Meinung : Bundesliga-Finale: Fußball wie im Rausch

Fußball ist ein Spiel für 22 Personen - und am Ende gewinnen die Bayern. Der leicht abgewandelte Spruch des englischen Fußballstars Gary Lineker passt zwar als Wort zum Finaltag. Aber er klingt zu nüchtern, um die Dramatik dieses letzten Spieltags zu erfassen. Und auch wenn die Bayern mit Blick auf das Champions-League-Endspiel am Mittwoch nicht groß feiern wollen - diese Saison war ein langer Rausch. Dank des Meisters, der dem deutschen Fußball international neue Hoffnung gab. Dank einer deutschen Fünferbande, die mit der europäischen Spitzenmannschaft aus München mithielt, bis am Ende nur noch die traurigen Schalker übrig blieben.

Selten war eine Saison so spannend. Selten war der Fußball so aufregend, so schnell, so glamourös. Wer mag da noch die üblichen Verdächtigungen über ausufernden Kommerz und geldgierige Stars hören? Wer sehnt sich da noch nach den alten Zeiten mit Rehhagels Blutgrätsche und Netzers wehendem Haupthaar? Nostalgie trübt den Blick für das Neue, das anders ist, aber nicht schlechter.

Die Wärme des Vertrauten ist dem Reiz des Exotischen gewichen. Die Helden kommen nicht mehr aus der Region, sondern aus der ganzen Welt. Das hat die EU mit ihrer Rechtsprechung durchgesetzt. Hohe Ablösesummen und Gehälter, Kolonnen von Nullen, gehören zum Zahlenspiel des Fußballs wie Tabellenplatz und Tordifferenz. Dass auch Millionäre und Legionäre zu Identifikationsfiguren taugen, beweisen Spieler wie Ebbe Sand (Dänemark/Schalke 04), Vasile Miriuta (Rumänien/Energie Cottbus) oder Giovane Elber (Brasilien/Bayern München). Dass sie bei schlechten Leistungen als Millionarios und Söldner geschmäht werden, ist nur legitim. Denn die Spieler sind keine kleinen Angestellten, sondern Subunternehmer, die für ihr Produkt geradestehen müssen. Sie halten Berater, Agenten und Therapeuten in Lohn und Brot. Dem muss eine europaweite Regelung über Kündigungsfristen und Vertragssicherheit Rechnung tragen. Die Fans wollen nicht, dass in jeder Saison eine neue Mannschaft aufläuft.
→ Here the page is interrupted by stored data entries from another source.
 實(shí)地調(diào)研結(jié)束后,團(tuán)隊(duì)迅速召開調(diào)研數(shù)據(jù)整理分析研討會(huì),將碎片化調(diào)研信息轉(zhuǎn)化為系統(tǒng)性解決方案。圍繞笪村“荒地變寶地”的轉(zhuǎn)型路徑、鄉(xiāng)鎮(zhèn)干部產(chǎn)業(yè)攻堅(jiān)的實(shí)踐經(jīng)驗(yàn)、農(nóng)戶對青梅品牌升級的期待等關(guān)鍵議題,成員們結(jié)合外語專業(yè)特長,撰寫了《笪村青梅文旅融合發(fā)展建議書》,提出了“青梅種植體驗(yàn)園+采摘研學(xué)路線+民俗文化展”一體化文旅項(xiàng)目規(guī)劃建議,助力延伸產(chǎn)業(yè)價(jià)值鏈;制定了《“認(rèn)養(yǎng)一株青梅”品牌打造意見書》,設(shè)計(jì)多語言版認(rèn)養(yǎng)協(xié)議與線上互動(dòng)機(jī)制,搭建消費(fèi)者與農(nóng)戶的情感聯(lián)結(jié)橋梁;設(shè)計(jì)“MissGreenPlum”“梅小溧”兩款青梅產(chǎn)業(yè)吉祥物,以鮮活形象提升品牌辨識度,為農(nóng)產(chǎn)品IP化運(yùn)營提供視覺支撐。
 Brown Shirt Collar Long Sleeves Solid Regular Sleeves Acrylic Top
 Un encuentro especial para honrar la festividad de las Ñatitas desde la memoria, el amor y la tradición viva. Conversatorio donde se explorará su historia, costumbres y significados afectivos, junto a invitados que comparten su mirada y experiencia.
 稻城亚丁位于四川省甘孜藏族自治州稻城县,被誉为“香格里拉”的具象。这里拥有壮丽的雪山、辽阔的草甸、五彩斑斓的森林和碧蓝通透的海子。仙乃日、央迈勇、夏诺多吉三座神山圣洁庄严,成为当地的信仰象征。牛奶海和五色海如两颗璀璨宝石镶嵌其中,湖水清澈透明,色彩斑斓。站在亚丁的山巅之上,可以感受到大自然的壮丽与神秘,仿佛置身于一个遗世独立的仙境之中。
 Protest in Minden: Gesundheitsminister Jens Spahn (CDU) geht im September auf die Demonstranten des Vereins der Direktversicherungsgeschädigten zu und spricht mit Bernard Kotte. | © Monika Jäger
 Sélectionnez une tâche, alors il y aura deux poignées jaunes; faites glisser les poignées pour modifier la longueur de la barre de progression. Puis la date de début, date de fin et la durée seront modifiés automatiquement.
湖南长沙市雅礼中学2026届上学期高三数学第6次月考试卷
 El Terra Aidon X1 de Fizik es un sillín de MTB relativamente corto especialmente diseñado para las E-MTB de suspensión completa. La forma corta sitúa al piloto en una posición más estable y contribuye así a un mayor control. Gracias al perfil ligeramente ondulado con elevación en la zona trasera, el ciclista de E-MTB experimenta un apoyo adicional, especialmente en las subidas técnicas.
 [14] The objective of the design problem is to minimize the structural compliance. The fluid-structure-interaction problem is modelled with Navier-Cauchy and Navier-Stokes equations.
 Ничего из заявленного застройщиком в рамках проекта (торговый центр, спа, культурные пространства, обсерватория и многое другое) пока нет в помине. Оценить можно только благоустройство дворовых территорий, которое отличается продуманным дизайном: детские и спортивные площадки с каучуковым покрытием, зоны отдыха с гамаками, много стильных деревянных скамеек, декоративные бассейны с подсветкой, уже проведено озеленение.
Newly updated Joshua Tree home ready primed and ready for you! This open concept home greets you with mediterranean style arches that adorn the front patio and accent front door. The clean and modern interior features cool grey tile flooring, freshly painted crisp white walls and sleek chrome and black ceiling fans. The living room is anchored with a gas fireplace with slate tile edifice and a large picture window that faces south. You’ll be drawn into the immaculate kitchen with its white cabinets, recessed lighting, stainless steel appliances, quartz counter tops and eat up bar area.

Die Fans werden mündig. Organisationen wie das "Bündnis aktiver Fußball-Fans" oder "Pro 15.30" werden von den Vereinen und vom Deutschen Fußball-Bund als Gesprächs- und im Fall des Protestes gegen die Sonntagsspiele sogar als Verhandlungspartner ernst genommen. Fanzines wie "Schalke Unser" oder St. Paulis "Übersteiger", selbstproduzierte Magazine von Fans für Fans, sind etablierte unabhängige Foren. Im Internet kommunizieren Fußballfans auf Hunderten von Homepages von antibayern.de bis world-wide-werder.

Die Fans im Stadion entdecken ihre Macht. Sie werden gebraucht, auch wenn ihr Anteil am Umsatz bei einem Verein wie Bayern München in 20 Jahren von 80 auf 18 Prozent geschrumpft ist und Stehplätze von VIP-Logen verdrängt werden. Wer würde eine teure Stadion-Loge für Geschäftsleute kaufen, wenn im Stadion nur Geschäftsleute wären? Das fragt Nick Hornby, englischer Romancier und FC-Arsenal-Fan in "Fever Pitch". Die Vereine haben gelernt, dass die Zuschauer auf den teureren Plätzen nicht nur wegen Effenberg und Preetz kommen, sondern auch wegen der Leute, die viel Lärm um Effenberg und Preetz machen: der Fans in den Kurven. Für Radio und Fernsehen liefern sie Atmosphäre frei Haus. Und bezahlen sogar noch dafür. Deshalb kümmern sich die Vereine mit Fanbeauftragten um ihre Klientel. In einigen Vereinen sitzen Fan-Vertreter im Aufsichtsrat und praktizieren eine bescheidene Form von Mitbestimmung.

Es bewegt sich was im Fußball. Die Freude auf die neue Saison beginnt schon jetzt - auch wenn am Ende wieder die Bayern gewinnen.